Pattern: The Cognitive De-Bias Toolkit¶

Bias               | Counter-Measure              | When to Apply
────────────────────┼──────────────────────────────┼─────────────────
Anchoring           | Write 3 hypotheses first      | Start of incident
Confirmation        | Try to disprove your theory   | During investigation
Sunk cost           | 15-minute timebox             | Every 15 minutes
Plan continuation   | Pre-define abort criteria     | Before any remediation
Availability        | Check data, not memory        | When "this happened before"
Action bias         | Observe 5 min before acting   | When urge to "do something"
HiPPO effect        | IC leads, rank doesn't        | When senior person speaks
Diffusion of resp.  | Assign names to tasks         | In war room

None of these are natural. They all require practice.
Drill them in game days so they're automatic in incidents.

Remember: The two most dangerous biases in incident response are anchoring (fixating on the first theory) and sunk cost (continuing a failing approach because you already invested time). Counter both with one question: "If I just walked in fresh, would I still pursue this path?" If not, pivot immediately.

Emergency: Team Member in Visible Distress During Incident¶

Someone on the team is clearly overwhelmed — shaky voice on the bridge, silence after being asked a question, or visible frustration/anger in chat.

1. IC privately messages them: "Hey, how are you doing?
   No pressure — you can step back if you need to."

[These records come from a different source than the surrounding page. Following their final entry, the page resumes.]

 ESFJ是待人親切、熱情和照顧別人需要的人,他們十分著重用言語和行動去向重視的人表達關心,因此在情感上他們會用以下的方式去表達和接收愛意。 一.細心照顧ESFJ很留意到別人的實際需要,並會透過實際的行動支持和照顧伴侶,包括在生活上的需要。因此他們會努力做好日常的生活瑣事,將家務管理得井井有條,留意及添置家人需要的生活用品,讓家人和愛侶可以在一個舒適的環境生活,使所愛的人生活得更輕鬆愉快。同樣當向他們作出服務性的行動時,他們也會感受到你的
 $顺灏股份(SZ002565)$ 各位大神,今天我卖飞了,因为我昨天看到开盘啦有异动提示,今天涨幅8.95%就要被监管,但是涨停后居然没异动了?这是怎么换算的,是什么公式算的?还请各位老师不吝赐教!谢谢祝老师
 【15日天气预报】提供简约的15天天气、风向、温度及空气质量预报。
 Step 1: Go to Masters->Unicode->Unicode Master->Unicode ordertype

2. Give them an easy, concrete task or permission to disengage:
   "Can you handle comms updates for the next 30 minutes?"
   or "Why don't you take a break and come back fresh?"

3. Do NOT call attention to their distress publicly.

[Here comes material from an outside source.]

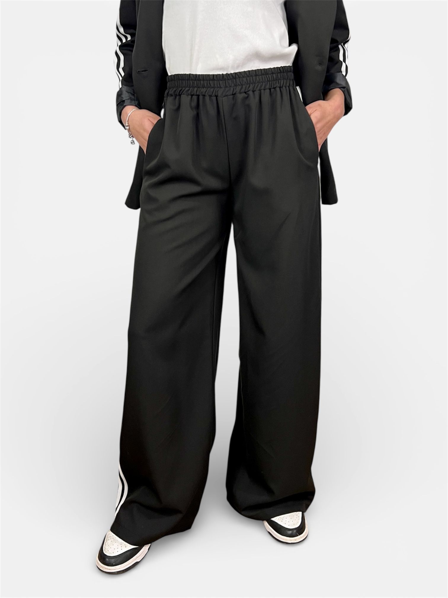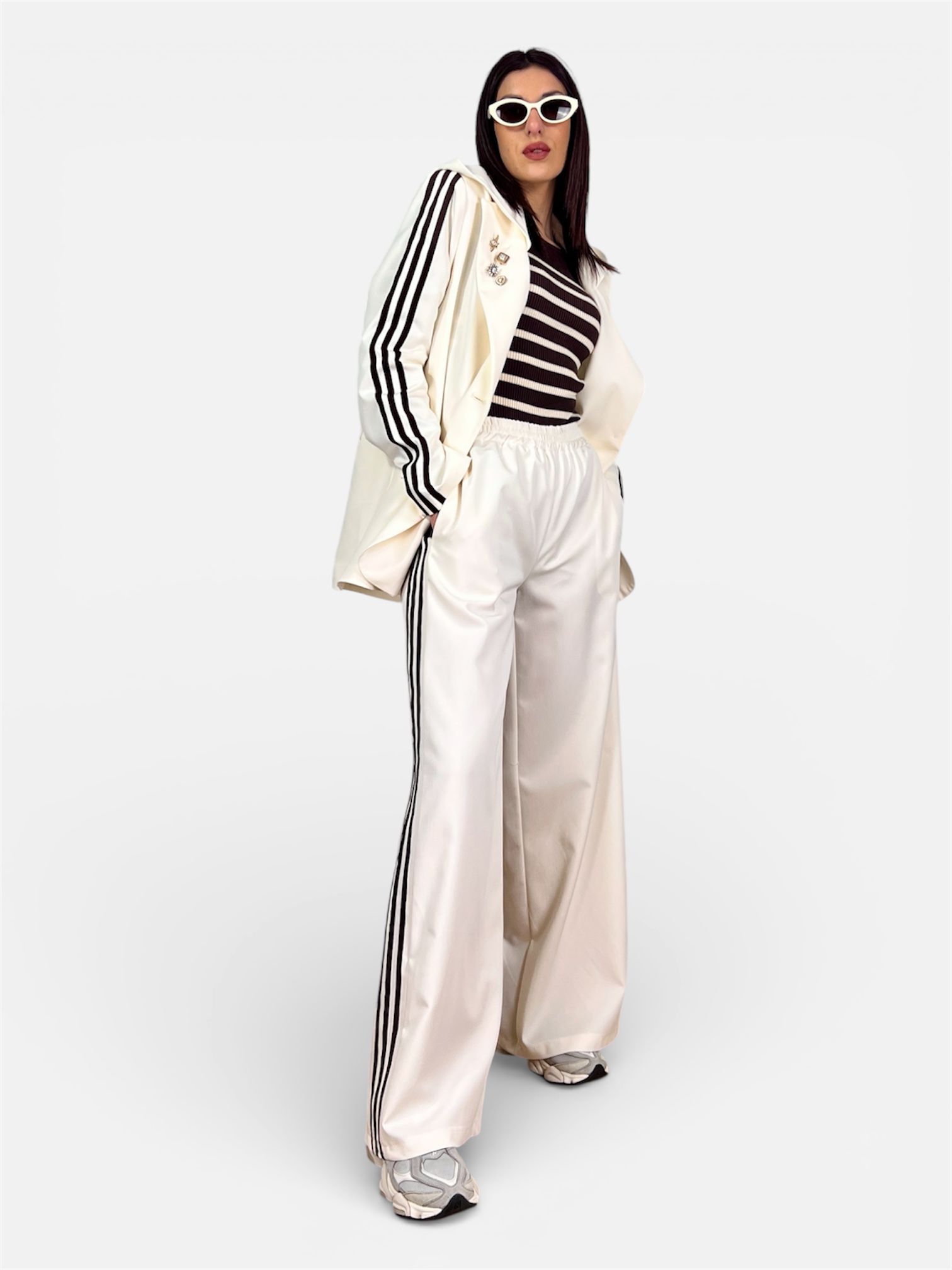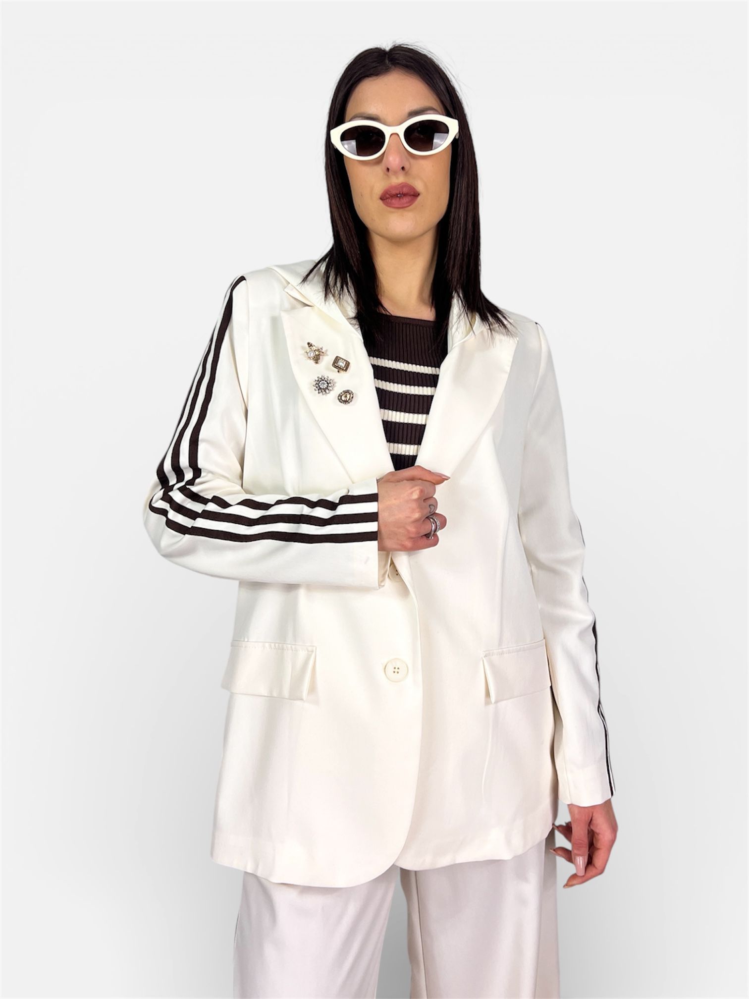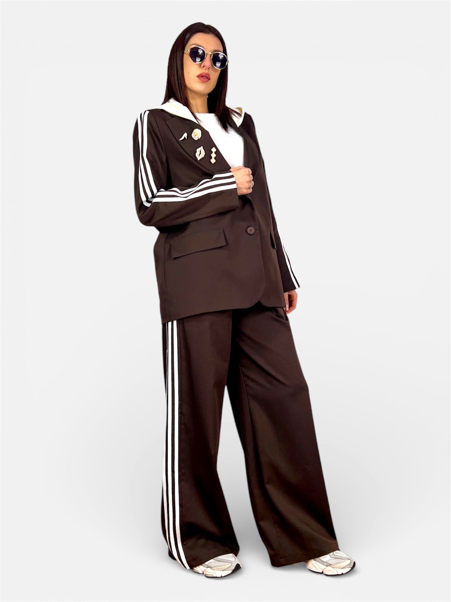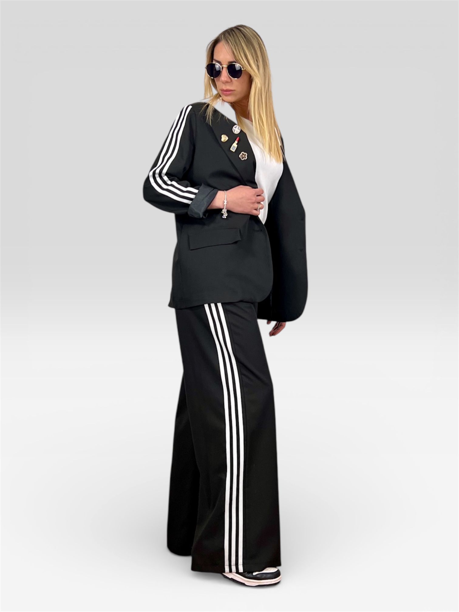 • completo streetwear giacca monopetto over con cappuccio e spille sul rever (removibili) banbe laterali pantalone largo con elastico in vita
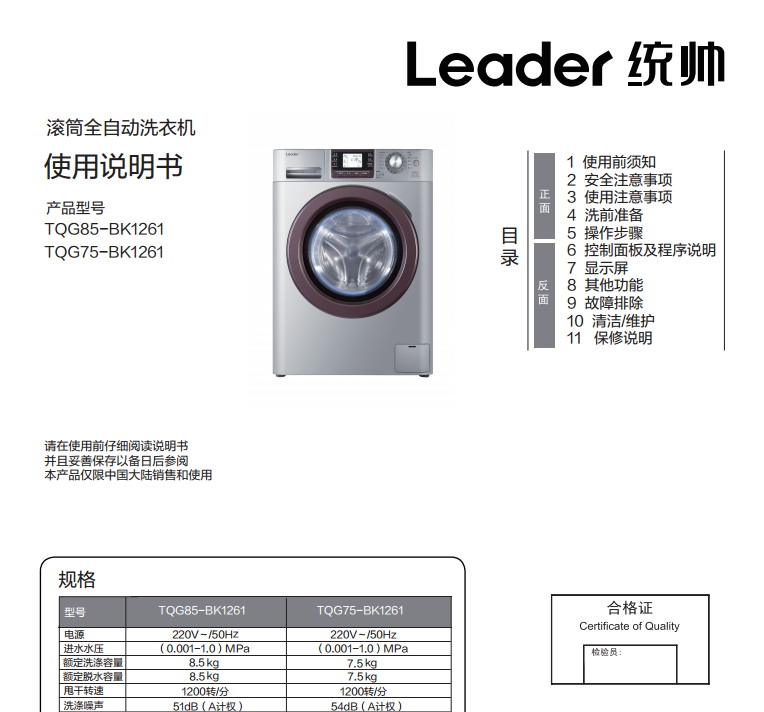 海尔统帅TQG85-BK1261洗衣机使用说明书

4. After the incident, check in privately.
   "That was a tough one. Want to talk about it?"

5. If this happens repeatedly, it may indicate:
   - On-call load too high (systemic issue)
   - Prior incident trauma (needs support)
   - Role mismatch (not everyone is wired for incident response)
   All of these are management problems, not personal failures.

One-liner: "Are you okay?" is the most powerful and underused question in incident response. Asking it privately via DM takes 10 seconds and can prevent burnout, mistakes from stress, and long-term attrition from your on-call rotation.

Emergency: IC Is the One Who Made the Mistake¶

You're IC. You realize the incident was caused by your deploy, your config change, or your decision. Your impulse is to hide it or to over-compensate by working frantically.

1. Disclose immediately. "I think the deploy I pushed at 14:00
   may be related. Let me share what changed."

2. The information you have is the fastest path to resolution.
   Withholding it to protect your ego extends the incident.

3. If you can't be objective: hand off IC to someone else.
   "I'm too close to this — Carol, can you take IC?"

4. The team will respect you more for transparency.
   Everyone causes incidents. Not everyone has the integrity
   to say so during one.

5. In the postmortem, the same honesty applies.
   "I deployed without checking the canary metrics."
   The postmortem fixes the process, not the person.